Some argue that by decriminalizing marijuana, we would be actually taking the profit out of production and sales. However, I believe that legalizing this drug would lessen the stigma of the dangers of its use. We also would most certainly attract new first time "experimenters
who otherwise might not have even had thoughts about trying marijuana. The side effects of this drug, which include those mentioned above, are reasons enough for keeping marijuana illegal. In addition, those who currently make outrageous profits from marijuana will merely move to possibly even more dangerous drugs.

New pharmaceuticals are introduced all the time that have harsh side effects - yet they go to market and kill people before a lightbulb goes off. Why pick on marijuana? It's only been illegal since 1970, yet they act like it's the worst killer ever.

The war against drugs has been, and continues to be, a very difficult one. Statistics show that drug use is up an alarming amount-especially among teenagers-and Fort Wayne and Northeast Indiana are not immune to this increasing trend. As you may know, I have worked hard to fight against this trend. In addition, I have worked to bring a Drug Enforcement Agency (DEA) office to downtown Fort Wayne to help with both local and national drug enforcement efforts. I will continue to fight to keep marijuana illegal and combat the abuse of other drugs.

In Indiana the drug of choice is actually Meth. Which is really really bad. But the so-called war on drugs has locked up millions of noncombative marijuana users and spent billions of dollars in attempts to control the cash crop. Let's focus on the major offenders, shall we? And let the sick have a little peace.
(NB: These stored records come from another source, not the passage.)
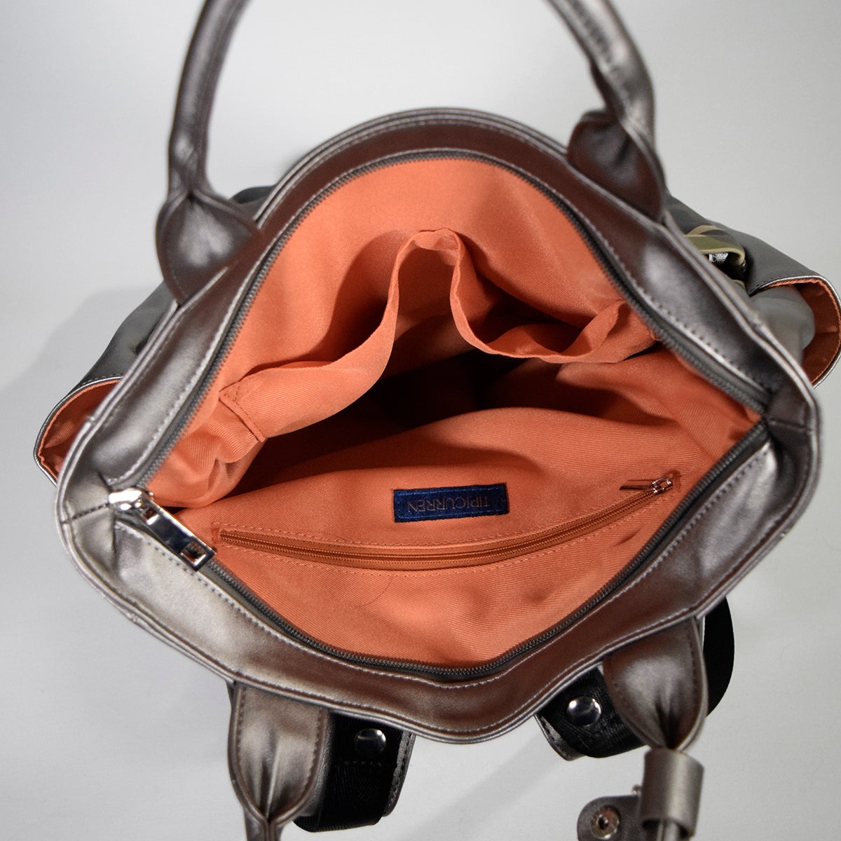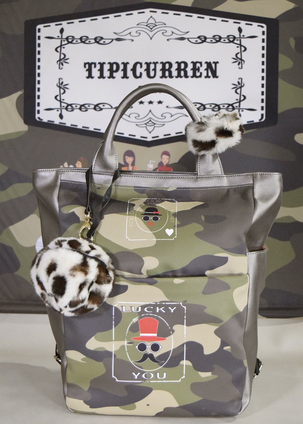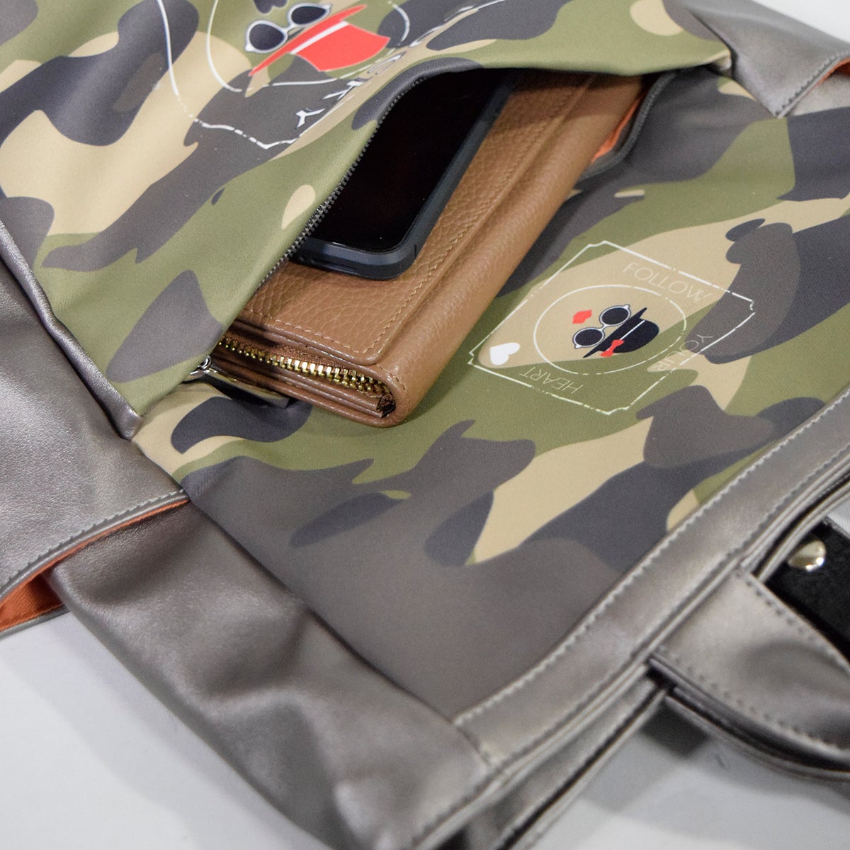 なんにでも合わせやすい合成皮革のメタリックなガンメタカラーに、ポリエステルのダブルスエード生地にカモフラージュプリントをプラス。
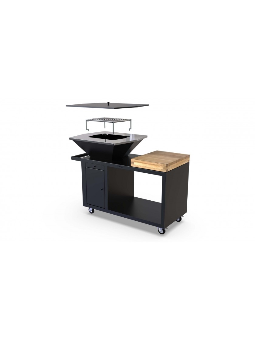 В комплект входить основа, корпус, тумба, дерев'яна поверхня, поверхня для приготування їжі та для зручності коліщата для переміщення прикріплені до основи.
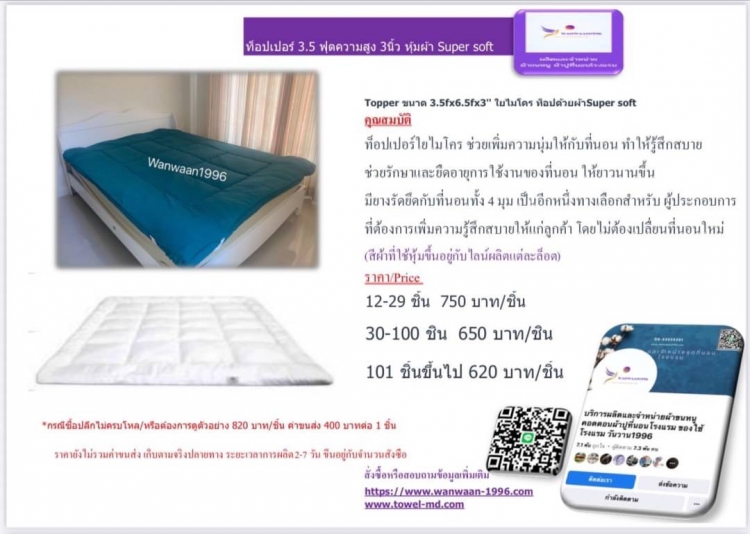 | Topper ขนาด 3.5fx6.5fx3'' ท็อปด้วยผ้าSuper soft | ||||||
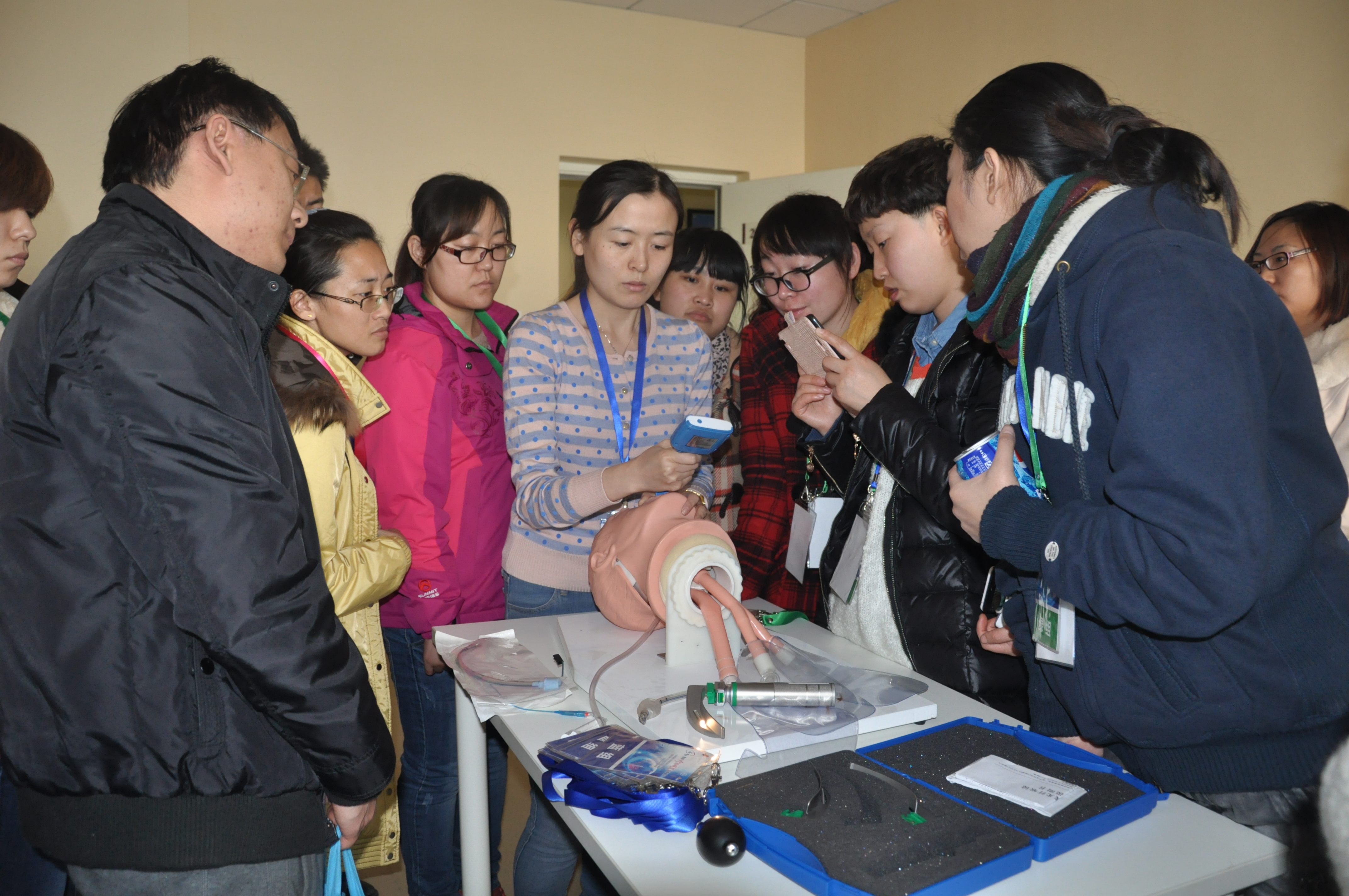 青年医师正在讲授气管插管术
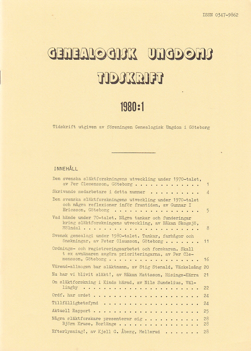 Genealogisk Ungdoms Tidskrift 1980:1-4. (Årg. 4). Tidskrift utgiven av föreningen Genealogisk Ungdom i Göteborg. [Red.: Håkan Skogsjö].
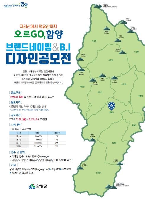 국민 누구나 참여할 수 있는 이번 공모전은 ‘오르GO, 함양’의 브랜드 네이밍과 이미지(BI·브랜드 아이덴티티) 및 응용 디자인 등을 공모하며, 모두 9점을 선정할 예정으로 금상 1점 200만 원, 은상 1점 100만 원, 동상 2점 각 50만 원, 장려상 5점 각 10만 원 등 총상금 450만 원 규모이다.
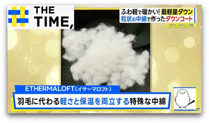 「通常はダウンパックを使うことが多いが、ダウンパックを使わずETHERMALOFT®(イサーマロフト)という中綿を使っている」
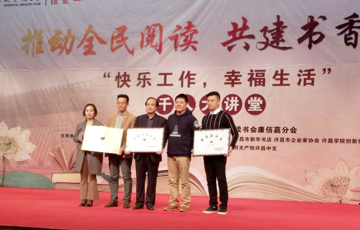 10月28号,“推动全民阅读,共建书香莲城”樊登读书会活动在许都大剧院举行,我院获“樊登读书会许昌学院分会”称号。创新创业学院院长陈彪先生出席会议。
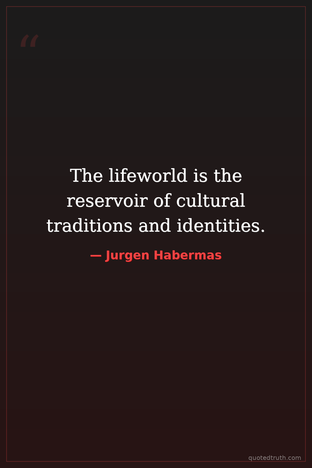 The lifeworld is the reservoir of cultural traditions and identities.
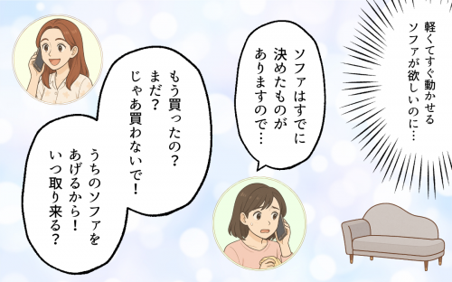 ■それは本当にやさしさ?義姉の押し付けが止まらないソファを押し付けようとする義姉は、まるで「あなたの選択より私の判断が正しい」と言わんばかり。
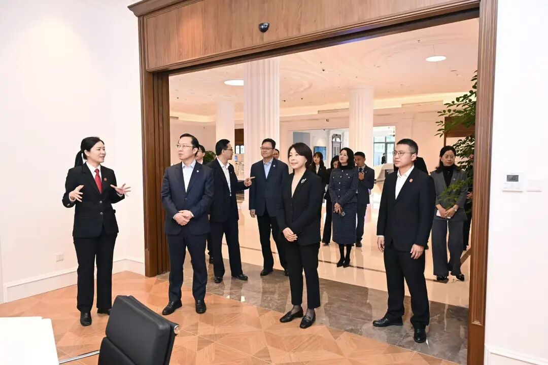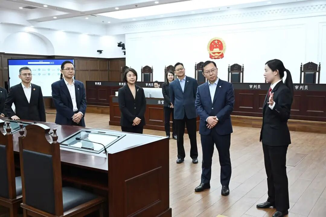 座谈会前,汪荣明一行参观了上海金融法院诉讼服务中心、数字法庭及文化展厅等。大家通过沉浸式体验,深入了解了金融纠纷多元化解机制、数字法院建设成果及法院文化传承等金融司法“上海模式”的创新实践。
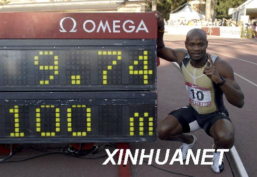 9月9日,国际田联大奖赛意大利站,牙买加短跑名将鲍威尔以9秒74的成绩打破了由他本人保持的男子百米世界纪录。
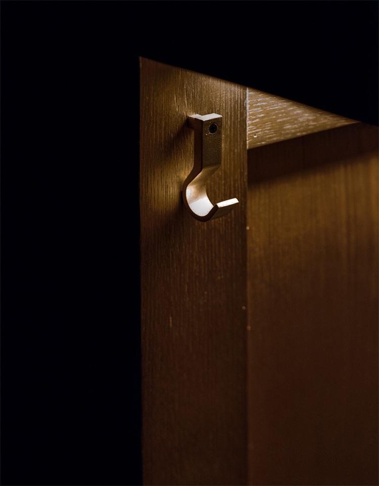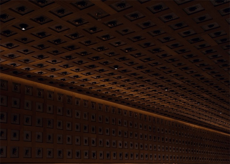 休息室沿墻面設置了長長的牛皮卡座,設計師為該項目量身設計了活動家具,這些扶手椅和圓形蹲座,以煙熏色胡桃木搭配深棕色牛皮和馬毛,搭配黑色金屬配件。空間以灰色橡木做舊木板和深灰色馬來漆為主要材料。空間和家具整體顏色相近、富有質感、氣質低調,暗調燈光和玻璃墻光影糅合成為一種奇特的、安靜而神秘的氛圍。休息室里最顯眼的莫過于一整面滿鋪的蝴蝶標本墻,36個道具,每個道具里擺放一只蝴蝶,從道具底部安裝極小光源照亮蝴蝶,立體感使之栩栩如生。蝴蝶標本墻下方也安放了幾個長條形抽屜,完全不同科目的昆蟲標本安靜地趴在黑色天鵝絨上,等待被下一個好奇的人發現。
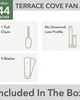 | An outdoor classic meets a unique form. The 44-inch Terrace Cove brings refreshing design to outdoor ceiling fans with its sleek blades and one-of-a-kind housing. Between its modern design and SureSpeed® technology the Terrace Cove keeps your patio cool quiet and stylish. Perfect for small areas and low ceilings this fan adds a finishing flair to your favorite space. Casual Modern Industrial 5 Matte Black blades included 3 speeds controlled by pull chain. Specially designed low-profile housing fits flush to the ceiling making it ideal for use in rooms with low ceilings less than 9' " Limited Lifetime Motor Warranty Reversible 3-speed WhisperWind® motor delivers ultra-powerful air movement with whisper-quiet performance so you get the cooling power you want without the noise you don't® Overall Height: 10.45 in Airflow: 4196 CFM Electricity Use: 37 WATTS Airflow Efficeincy: 75 CFM/WATT |
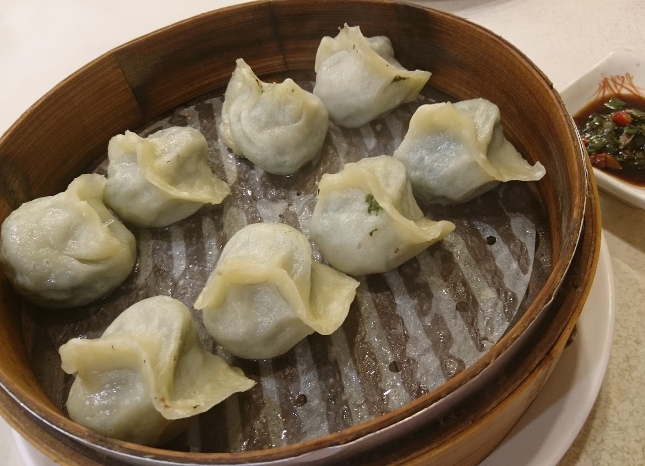 牛肉蒸餃有湯汁,皮有彈性,好吃;明蝦粉絲煲有五隻蝦,已開背還蠻好剝,粉絲量超多,兩個人吃不完呀~是適合多人用餐的地方。女性服務人員態度普通不致於態度差,但是一位收碗盤與放餐具的男性服務人員態度頗差,紙巾甩桌上,放茶杯極大力,收隔壁桌時還大力推椅子,本想多點些菜的,看到他這麼不悅的態度只想趕快吃吃離開這邊~餐點有4.5顆星水準,服務態度平均起來3顆星。

I hate the tone of 'well I know better than you, trust me', when our representatives are supposed to listen to what we want and execute those plans. If he had said 'a majority of my constituents feel differently'. Ok, that's how government works. But to lecture me!? I'm insulted. Also, this idea that medical use is just a smokescreen. No, sorry, some of us really do want patients to be allowed access. The bill I support explicitly names patients, it can even be a conditional clause, make marijuana a prescription drug! Go for it! I would be ecstatic! Recreational use is off my radar, what I'm concerned about is the patients. If a few hippies or underclassmen are now able to get access because of the bill I don't think that will hurt much. Everyone smoked in the 60s and 70s and the world didn't end. They just wouldn't have to travel to Amsterdam anymore. By the way, they have had decreased crime and heroin use since decriminalizing.

Oh, and I was provided no links to the supposed research supporting the other side...nice huh?